Entries provided:
—————

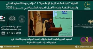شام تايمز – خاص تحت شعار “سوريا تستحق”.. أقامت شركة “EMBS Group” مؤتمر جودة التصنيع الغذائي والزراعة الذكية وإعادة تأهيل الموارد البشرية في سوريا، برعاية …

—————

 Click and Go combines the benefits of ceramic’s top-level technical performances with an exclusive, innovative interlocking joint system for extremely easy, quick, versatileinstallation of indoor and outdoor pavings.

—————

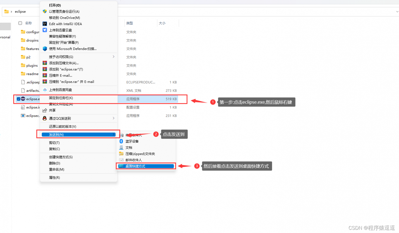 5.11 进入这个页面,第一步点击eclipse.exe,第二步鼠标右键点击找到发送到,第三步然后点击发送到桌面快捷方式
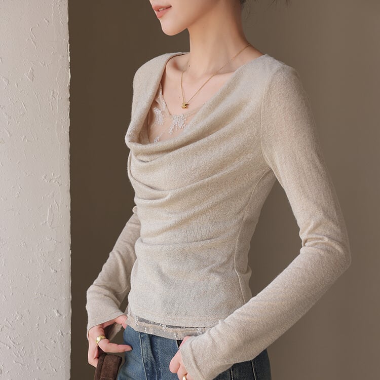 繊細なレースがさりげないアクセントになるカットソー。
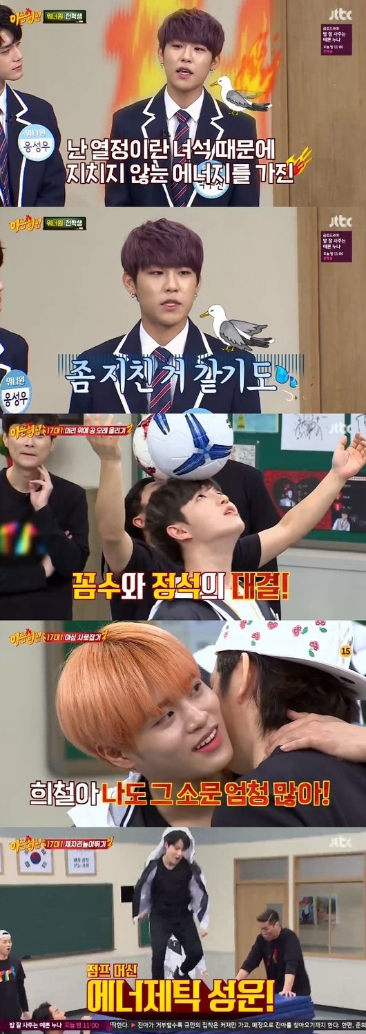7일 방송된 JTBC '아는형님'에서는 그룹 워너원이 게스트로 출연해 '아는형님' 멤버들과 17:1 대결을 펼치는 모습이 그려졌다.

—————

Problem description: Using the records above, print exactly the run of lines that starts with the line with "繊細なレースがさりげないアクセントになるカットソー。" and goes on through the line with "7일 방송된 JTBC", pictures excluded.

Answer to the problem:
 繊細なレースがさりげないアクセントになるカットソー。
7일 방송된 JTBC '아는형님'에서는 그룹 워너원이 게스트로 출연해 '아는형님' 멤버들과 17:1 대결을 펼치는 모습이 그려졌다.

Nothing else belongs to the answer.